Run Bril on Raspberry Pi Natively
Bril comes with a reference interpreter brili
,
which allows any platform that supports Node.js to run Bril code.
The downside of using an interpreter is that
the performance is usually not as good as a native binary.
Therefore, it would be more efficient (and cool) if Bril could be run natively on a ARMv8 processor.
In this project, I am going to build a code translator that
translate Bril to AArch64 assembly,
so that it can run on a 64-bit Raspberry Pi (Raspberry Pi 2B v1.2 or later versions)
or any other 64-bit ARM devices with the AArch64 architecture.
Design and Implementation
This section will discuss how the translator is designed and implemented.

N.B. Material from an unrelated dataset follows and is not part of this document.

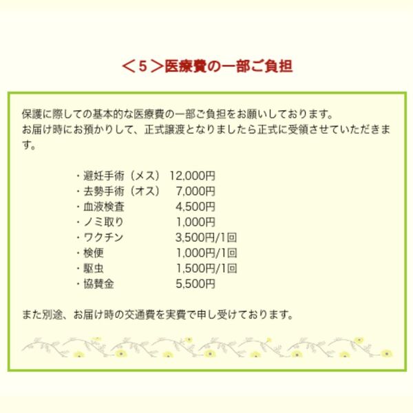 | 譲渡費用(医療費、交通費など) | ウィルス検査 陰性 4,500 円 ワクチン1回 3,500 円 駆虫1回 1,500 円 検便1回 1,000 円 蚤取り 1,000 円 協賛金 5,500 円 合計金額 17,000 円 譲渡費用に関する注意事項 : お届けの際の往復の交通費別途負担をお願いしています |

Although there are almost one-to-one mappings between Bril instructions and AArch64 assembly, there are still some details that needs to be carefully designed to support current and future functions of Bril.
Types
Currently there are two values types in Bril:
int
: 64-bit two's complement signed integer type. It is equivalent to theint64_t
type in C. It will occupy 8 bytes of memory and fit in a single 64-bit register of 64-bit ARM processors.bool
: Boolean value that could be eithertrue
orfalse
. It is equivalent to thebool
type in C. It will occupy one whole byte in memory.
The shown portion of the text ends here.